### Data in this exercise
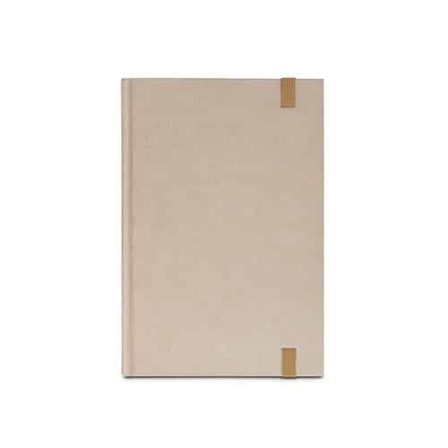 Cahier A5 à couverture rigide en papier de canne à sucre personnalisable, alliant durabilité et élégance pour valoriser votre communication.
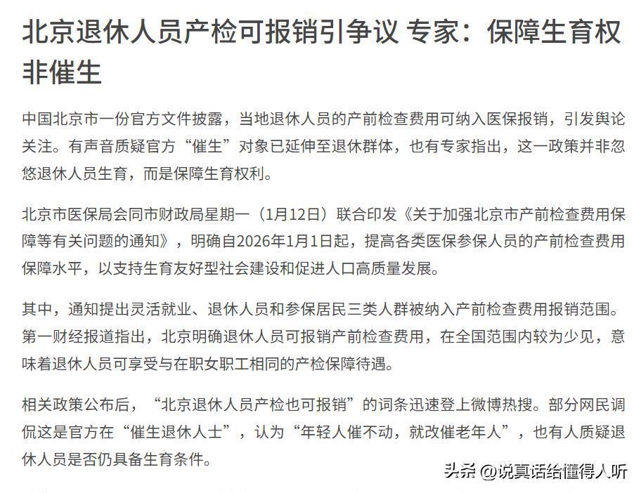 这一政策很好,不是鼓励退休人员生孩子,而是把退休人员生孩子也纳入医疗保障,毕竟会
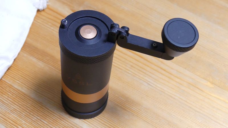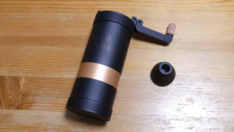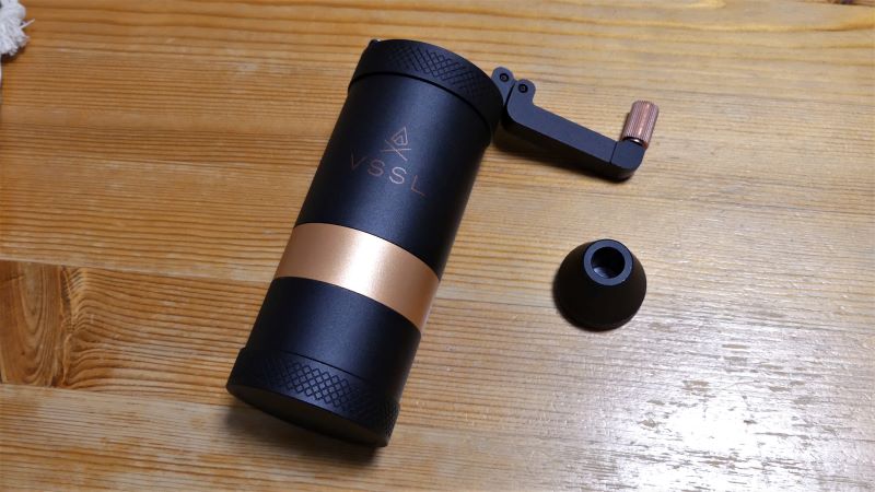 VSSLのジャバコーヒーグラインダー。高級感のあるデザインで、軽快に豆が挽け、ハンドル収納機構も良くできています。
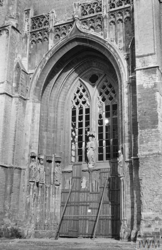 THE BRITISH EXPEDITIONARY FORCE ON THE WESTERN FRONT, 1914-1915 (Q 61636) The doors of the Cathedral at Ypres, February 1915. Copyright: © IWM. Original Source: http://www.iwm.org.uk/collections/item/object/205026944
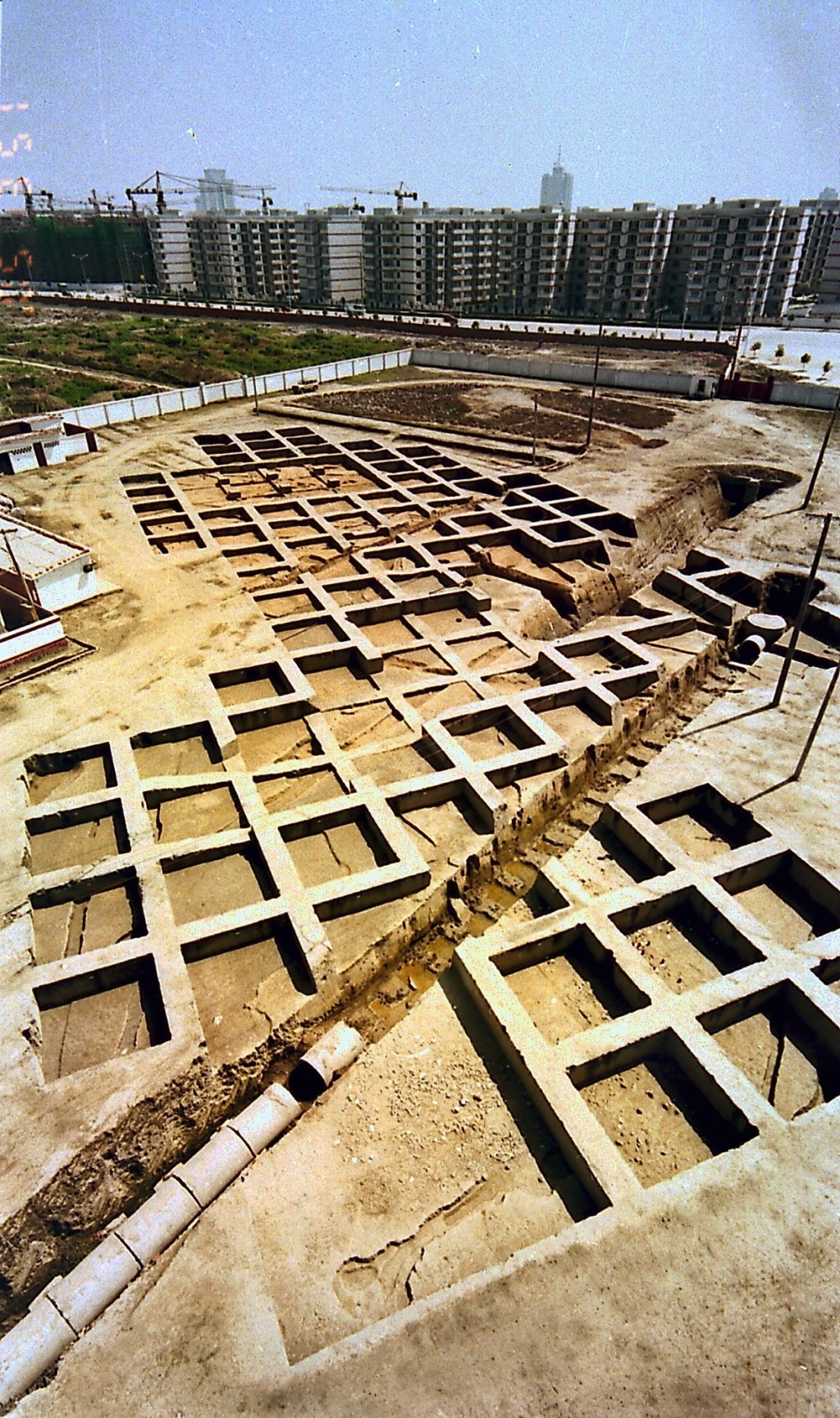 在商周时期甚至更早的新石器晚期,包括浙江良渚古城、陕西石峁以及成都宝墩遗址,都有高耸的城墙,三星堆遗址也有这个做法。然而,在商代,当商王将国都迁到安阳殷墟后,却没有修筑城墙。“因为商王朝当时非常强大,其他方国诸侯没有实力与之抗衡,无须修建工程浩大的城墙来保护都城。在被认为极可能是夏都的河南二里头遗址,迄今为止同样没有发现城墙。”

### Exercise prompt
Copy the records exactly. Skip the images.

### Worked solution
 Cahier A5 à couverture rigide en papier de canne à sucre personnalisable, alliant durabilité et élégance pour valoriser votre communication.
 这一政策很好,不是鼓励退休人员生孩子,而是把退休人员生孩子也纳入医疗保障,毕竟会
 VSSLのジャバコーヒーグラインダー。高級感のあるデザインで、軽快に豆が挽け、ハンドル収納機構も良くできています。
 THE BRITISH EXPEDITIONARY FORCE ON THE WESTERN FRONT, 1914-1915 (Q 61636) The doors of the Cathedral at Ypres, February 1915. Copyright: © IWM. Original Source: http://www.iwm.org.uk/collections/item/object/205026944
 在商周时期甚至更早的新石器晚期,包括浙江良渚古城、陕西石峁以及成都宝墩遗址,都有高耸的城墙,三星堆遗址也有这个做法。然而,在商代,当商王将国都迁到安阳殷墟后,却没有修筑城墙。“因为商王朝当时非常强大,其他方国诸侯没有实力与之抗衡,无须修建工程浩大的城墙来保护都城。在被认为极可能是夏都的河南二里头遗址,迄今为止同样没有发现城墙。”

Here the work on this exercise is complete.